With ratings and rankings, competitions and talent shows, our daily lives are being shaped and increasingly dominated by the societal practice to compare. Many modern sciences only evolved and became professions by applying an explicit method of comparisons through which they always claimed a particular increase in objectivity. Comparisons are ubiquitous; the operations associated with them seem to be anthropological givens. Nonetheless, despite frequent speculations that comparing increased during certain epochs and in modern societies up to now, hardly anything is known about the societal and cultural causes, about the functions and effects of comparing. The SFB “Practices of Comparing” is therefore exploring a new research paradigm by shifting attention from what is a seemingly invariant operation the comparison – to the history and culture of a practice – doing comparisons. What do people do when they compare?

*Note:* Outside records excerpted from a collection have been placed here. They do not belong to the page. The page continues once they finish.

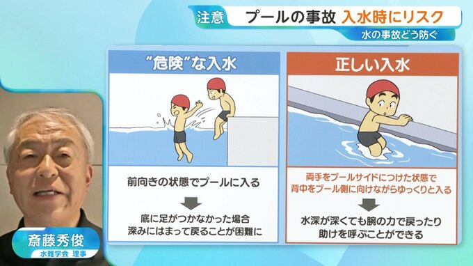斎藤氏は、「入水直後に事故が起こるケースが多く、児童に正しい入水方法を教え、実践することが重要」と話します。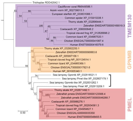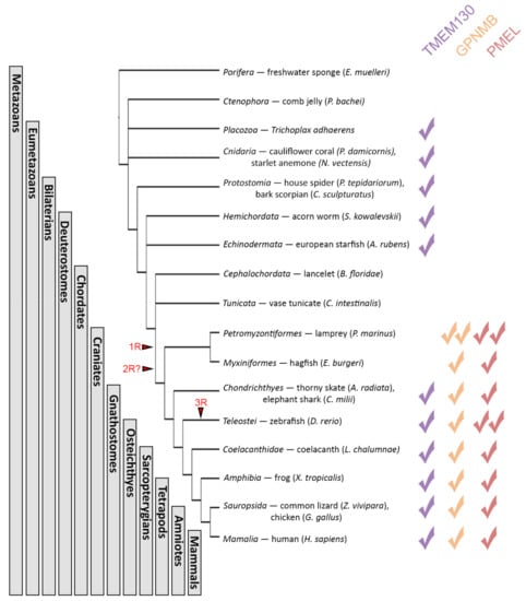 3.4. TMEM130 Is a Sister Group of Both GPNMB and PMEL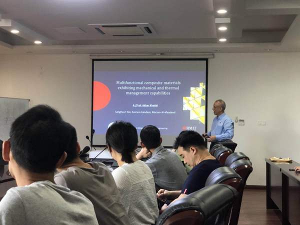 应公司航空宇航学院机械结构力学及控制国家重点实验室高存法教授的邀请,来自澳大利亚皇家墨尔本理工大学的副教授Akbar Khatibi携同他的博士生赵静雯于2018年6月2日至6月16日访问了公司,并于6月7日早上分别为公司师生做了题为“Multifunctional Composite Materials Exhibiting Mechanical and Thermal Management Capabilities”、“Design and characterization of acoustic metamaterials in water-like media”的学术报告。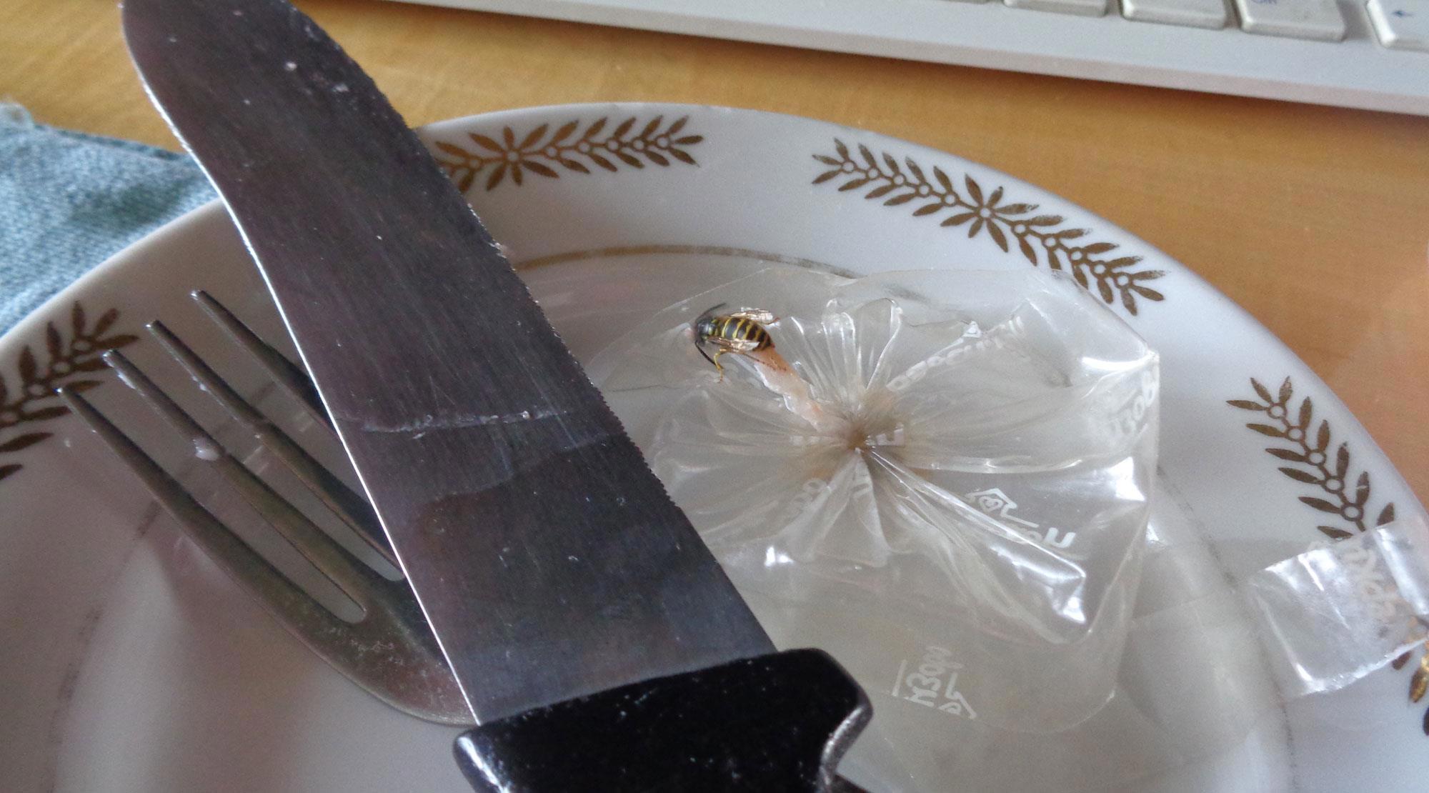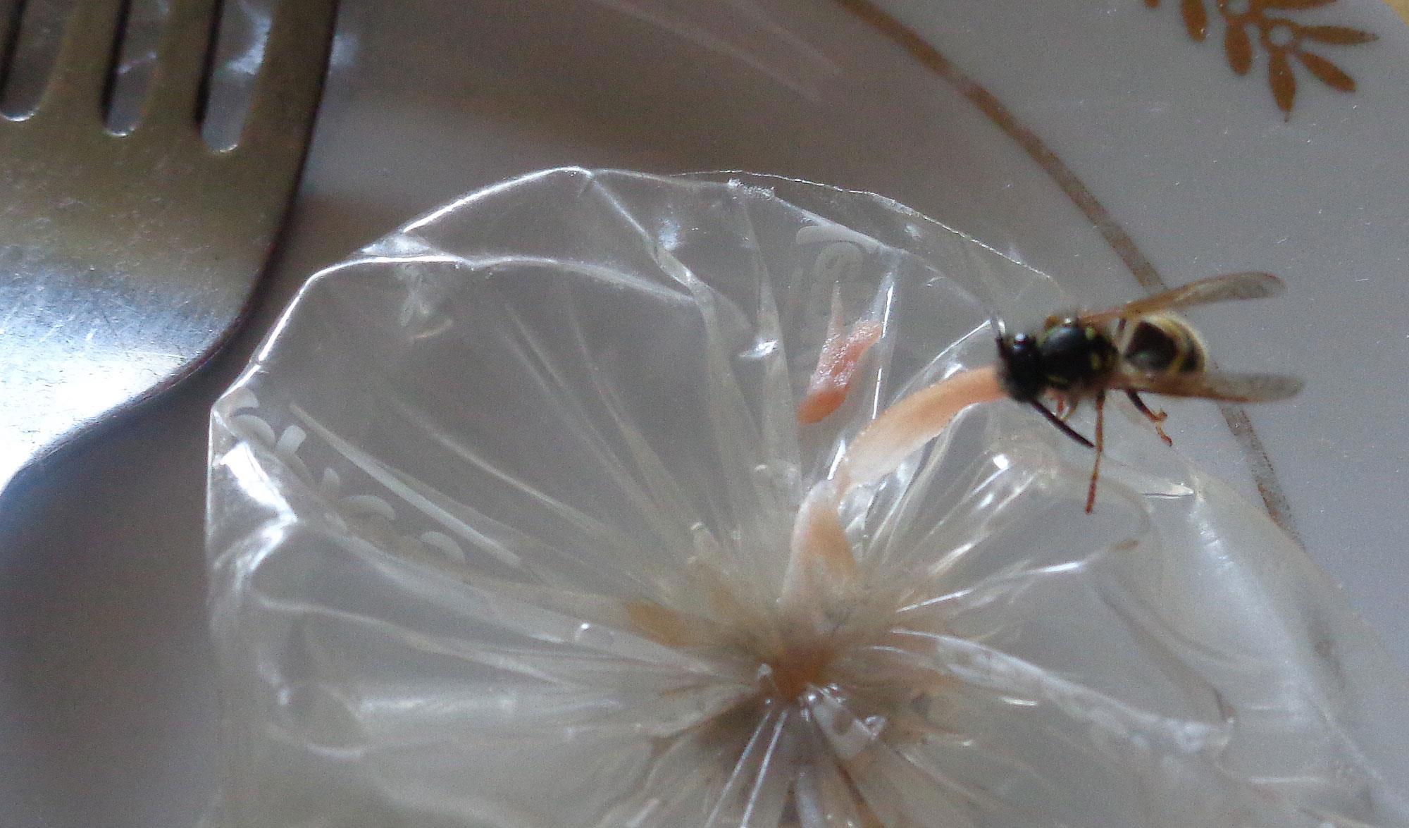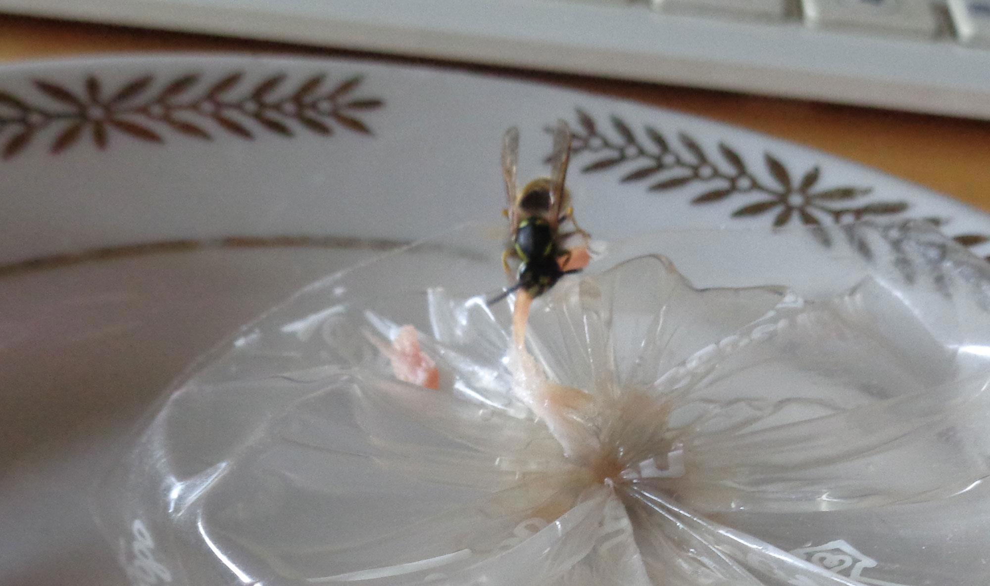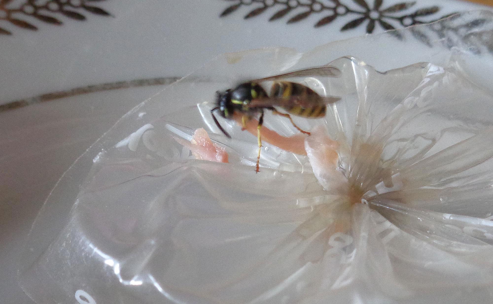 Оказывается, ветчину осы тоже любят. На фото - оса пытается оторвать приставший к упаковочному полиэтилену кусочек ветчины "Черкизовская". Как она старалась! И кувыркалась, и тянула, пока не оторвала небольшой кусочек, зажала его передними лапами и улетела. Ещё успела побиться в стекло, пока я не открыла ей окно, но и тогда кусок не выронила. Так с ним и улетела.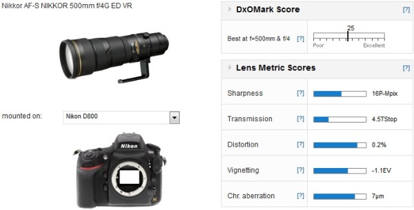 Nikon’s telephoto lens 500mm f/4G lens scored 25 mounted on D800, test results are below.

In line with the practice turn in contemporary theory, the interdisciplinary research team – drawn from the fields of history, literary studies, philosophy, historical image studies, political science, and law – is studying how the historically varying practices of comparing merge to form routines, rules, habitus, institutions, and discourses. Through this process, to compare not only create structures but also trigger mid-range dynamics or even comprehensive change. We propose that the practices of comparing are not just subject to historical change but simultaneously contribute to historical change in previously underrated ways.
By spending the next twelve years studying such a fundamental practice for forming the order and dynamics of modern, and purportedly not modern, European and non-European societies, the SFB aims to promote a new way of thinking about history, societies, and historical change within the context of contemporary historical and cultural theories.